Ясно, что при такой обстановке не неумелым рукам было держать дело и что охранение его естественно должно было перейти к людям более изворотливым, обладающим более покладистою совестью. И эти люди явились и сразу же выказали себя поистине неоцененными. Они поняли, что плата за бюрократическую услугу обусловливается множеством самых разнообразных обстоятельств; одну мзду несет фрак, другую зипун; причем фраку улыбнутся, да и денег, пожалуй, еще не возьмут, а с зипуна наверное возьмут, да и в бороду неравно наплюют. Они поняли, что чиновник глуп, что его всего более поражает внешность; часто для так называемого «хорошего человека» чиновник бескорыстно совершает такие подвиги, на которые не решился бы ни за какие суммы, выходящие из рук, пахнущих навозом. И сообразно с этими убеждениями повели дело.

Отсюда целая теория уступок и умолчаний. Слова: «по нужде» и «тесноты ради» полагаются в основание целого порядка явлений, освобождают человека от контроля его собственной совести и незаметно всасываются даже в обыденные общественные отношения. Очевидно, что под влиянием их должен образоваться совершенно особый кодекс нравственности относительной, которого прямые последствия заключаются в полном упадке нравственного смысла и в крайней внутренней распущенности. Очевидно также, что обладатели этого кодекса должны были занять в общей семье особое положение и что здесь должна была выделиться своего рода замкнутая аристократия, которая гнусно сгибается перед внешнею, грубою силой и, в свою очередь, нагло эксплуатирует и заставляет гнуться перед собой толпу слабых и беззащитных.

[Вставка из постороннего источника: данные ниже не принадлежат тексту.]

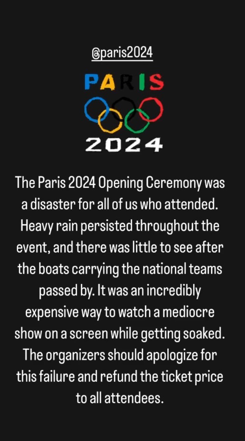 Ενοχλημένος εμφανίστηκε και ο Μίλτος Καμπουρίδης, ο οποίος έγραψε σε σχετικό story: «Η τελετή έναρξης των Ολυμπιακών Αγώνων 2024 στο Παρίσι ήταν καταστροφή για όλους εμάς που παρευρεθήκαμε. Ισχυρή βροχή επέμεινε καθ’ όλη τη διάρκεια της διοργάνωσης, και δεν υπήρχε τίποτα να δούμε μετά το πέρασμα των πλοιαρίων που μετέφεραν τις εθνικές ομάδες. Ήταν ένας πανάκριβος τρόπος να δεις ένα μέτριο show σε μια οθόνη, ενώ γίνεσαι μούσκεμα. Οι διοργανωτές θα πρέπει να ζητήσουν συγγνώμη για αυτή την αποτυχία και να επιστρέψουν την τιμή του εισιτηρίου σε όλους τους παρευρισκόμενους».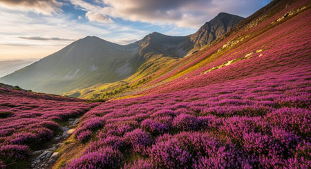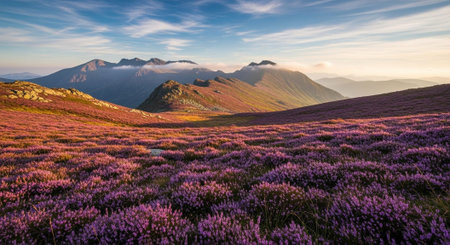 Purple heather field in natural surroundings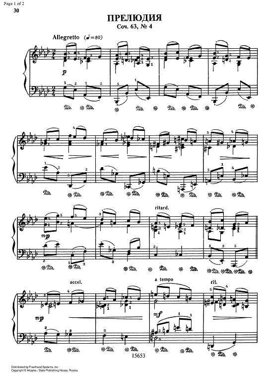 "Prelude Ab Major Op.63 No. 4" Sheet Music by Anton Arensky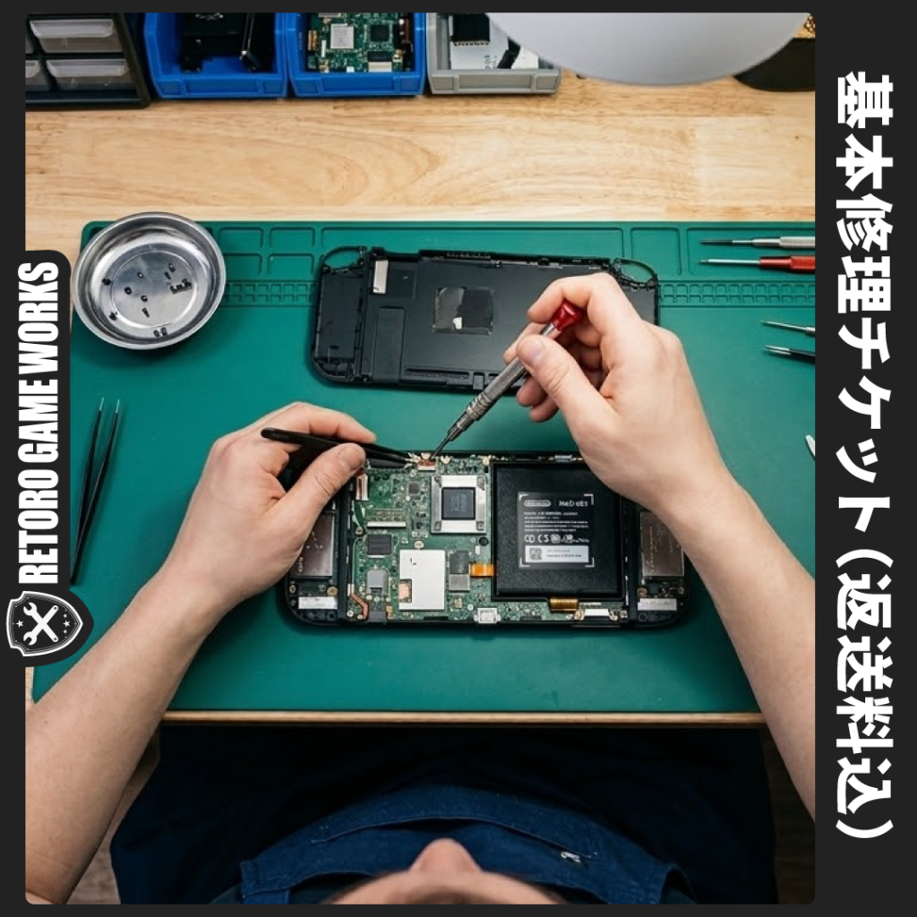当店では、レトロなゲーム機にメンテナンスとカスタマイズを施して販売しております。出荷前に入念な動作確認を行っておりますが、レトロゲーム機の特性上、予期せぬ不具合が発生する可能性を完全になくすことはできません。そのため、当店では「初期不良保証」および「製品保証」を設けております。万が一、期間内に不具合が生じた場合は無償にて対応させていただきますが、保証期間外の故障等につきましては有償修理になりますことをあらかじめご了承ください。一台一台、心を込めて蘇らせましたので、レトロゲーム機の性質をご理解いただき、末永く大切にしてくださる方とのご縁を心よりお待ちしております。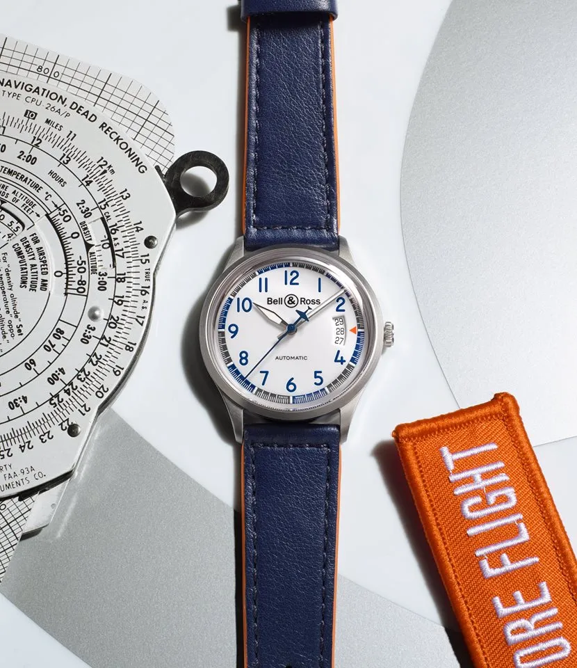 Los números, el bisel, el contador del cronógrafo y la correa son azules, al igual que la cola y los elementos decorativos que marcan las líneas aerodinámicas del BR-Bird. La segunda aguja central, los detalles de la carátula y el revestimiento de la correa de cuero son naranja, el color con que se destaca la información más relevante en los instrumentos de vuelo. El contador es gris, para evocar las banderas de cuadros que se usan en las competencias de velocidad, y como el logo de Bell & Ross en las alas y los laterales del avión.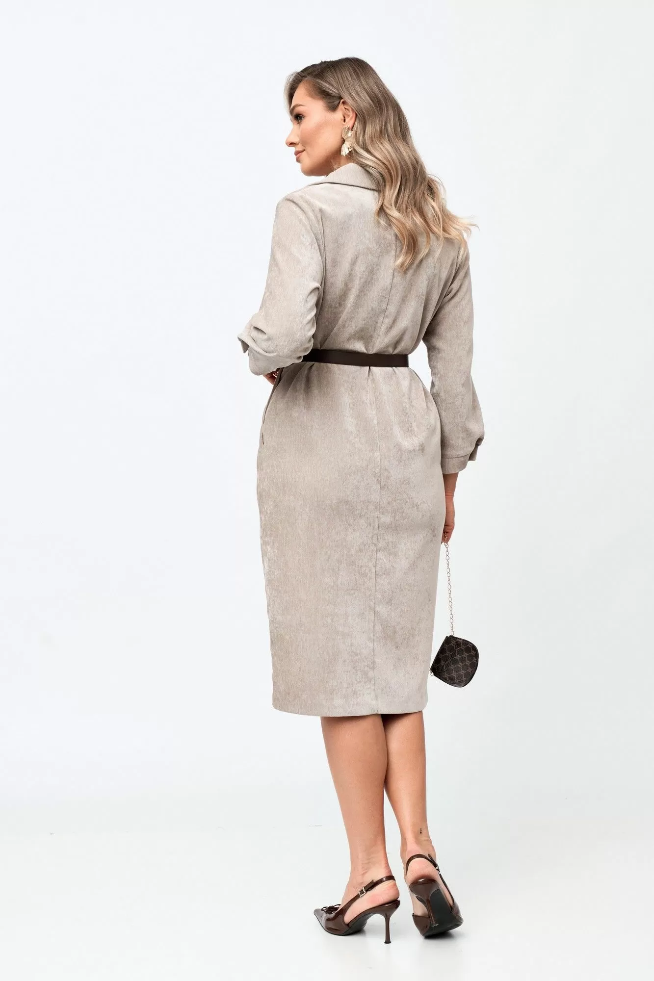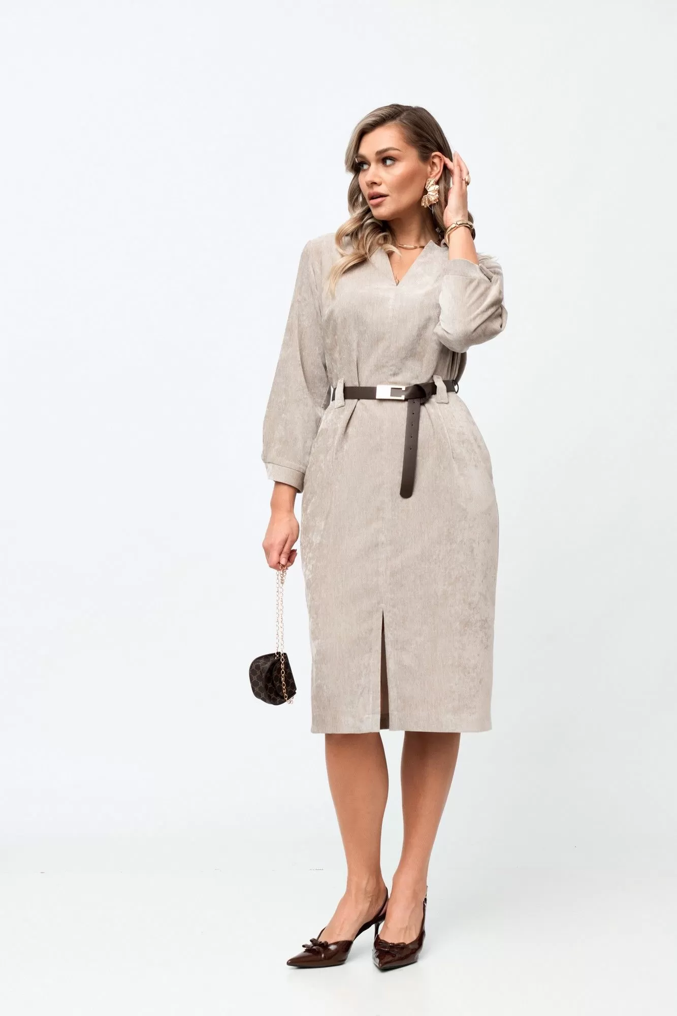 Платье полуприлегающего силуэта слегка зауженное к низу, выполнено из мягкой и качественной ткани Рукав втачной ¾. на манжете. Горловина V -образная с воротником на стойке. По переднему полотнищу карманы и разрез по низу среднего шва.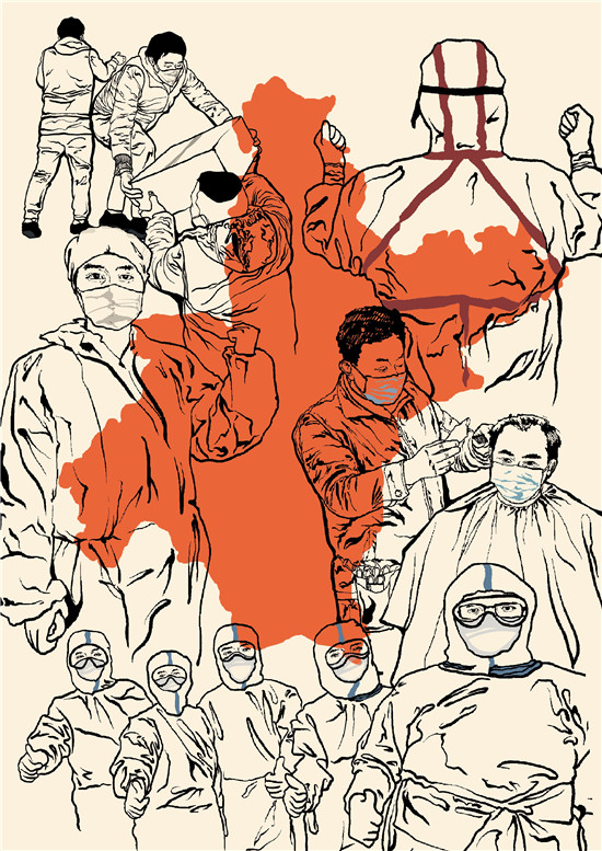 用速写拼贴了在疫情一线治愈患者、志愿服务默默奉献的面孔,在防护服和口罩的遮挡下虽不知他们的面孔,但是他们的勇敢行动展示给了我们他们的美丽。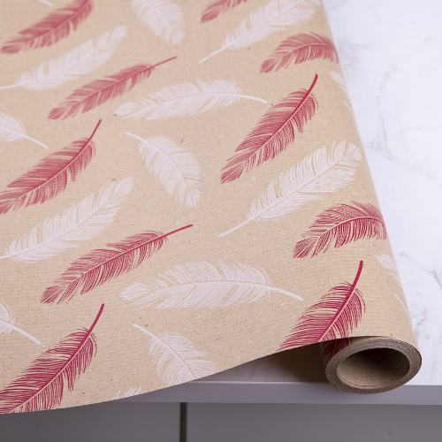 Папір пакувальний для подарунків "З пір'ям" Стильний дизайн для пакування подарунків. Замовляй за низькою ціною подарунковий папір в нашому інтернет-магазині. Розмір - 1000х70 см.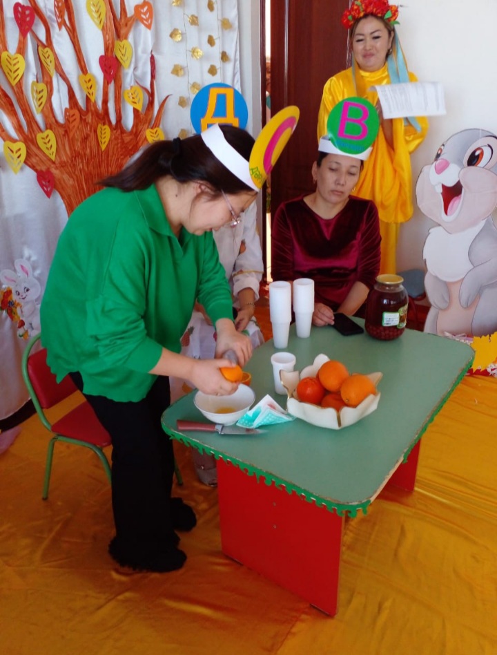 Мерекелік іс-шараға топ ата-аналары арнайы келіп, дəрумендердің бала ағзасына тигізер үлесі жөнінде айтып, табиғи шырындардың жасалу жолы жайлы лайфхактар көрсетіп көрермендер мен балаларды қуантты.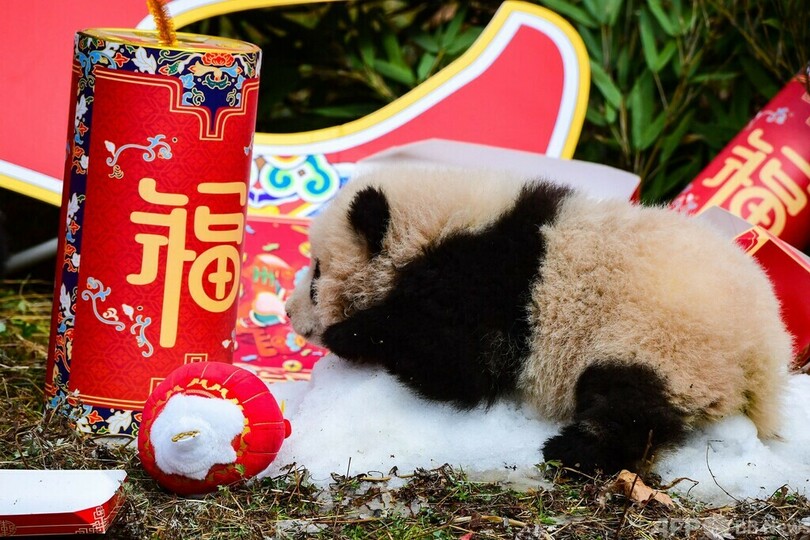 【1月26日 AFP】春節(旧正月、Lunar New Year)を約1週間後に控えた24日、中国南西部の四川(Sichuan)省ブン川(Wenchuan、ブンはさんずいに文)県にある「臥龍パンダ保護研究センター(Wolong National Nature Reserve)」では、春節向けの飾りの中で元気に遊びまわる子どものパンダの姿を見ることができた。(c)AFP

Такое-то именно положение занимают в Срывном Клочьевы-капиталисты. У них уже всё на европейский манер, и если вам не удастся проникнуть в тот отдаленный и всегда обращенный окнами на двор покой, в котором находится моленная, или в ту еще более отдаленную каморку, в которой несколько десятков лет заживо умирает и все не может умереть слепенькая «баушка», обыкновенно родоначальница семейства и прежде бывшая раскольничья знаменитость; если вам не укажет услужливый чичероне на одиноко стоящую где-нибудь на задворках баню, в которой обитают пять-шесть дряхлых, бездомных старух, вы и не подумаете, что находитесь у человека, для которого старый обычай составляет профессию и задачу всей жизни. Полы паркетные, стены под мрамор, хозяин беседует бойко и развязно; словом, ничто в целой обстановке не обнаруживает особничества. Если вы спросите хозяина, в чем же заключается сила и смысл «старого обычая», и если хозяин человек уже зрелых лет, он или замнет разговор, или ответит уклончиво, но всегда с приятною улыбкою. «Наши отцы того держались, и мы держимся, — скажет он вам, — да и баушка еще у нас в жизни находится, так и ее огорчать не приходится». И в заключение опять любезно улыбнется, покажет вам свои старопечатные диковинки и замечательные древнего писания образа, и вообще выкажет себя скорее археологом, нежели старовером. Но если хозяин молодой, то он не сочтет даже за нужное скрытничать. «Изволите видеть, — ответит он вам, — дело это у нас не столько душевное, сколько карманное. Теперича как я таким делом займуюсь, значит, у всех я, что называется, как спица в глазу: ревнитель да подражатель — и всё тут. А ревнителем и подражателем зовусь я, первое, потому, что у меня в бане, на огороде, завсегда всякий сброд проживает: странницы эти да чернецы беглые, и каждый, сударь, благодать у себя за пазухой держит. Слава-то эта и идет; все меня знают, у всех я в почете, и оплошай я, примерно, хоть в торговом деле, меньшая-то братия на плечах меня вынесет! Так рассудите сами, какая же мне радость от своего же добра рыло воротить? А если я по древнему обычаю персты складываю да на молитву выпустивши рубаху становлюсь, так ведь эта тягость еще не больно для нас велика!»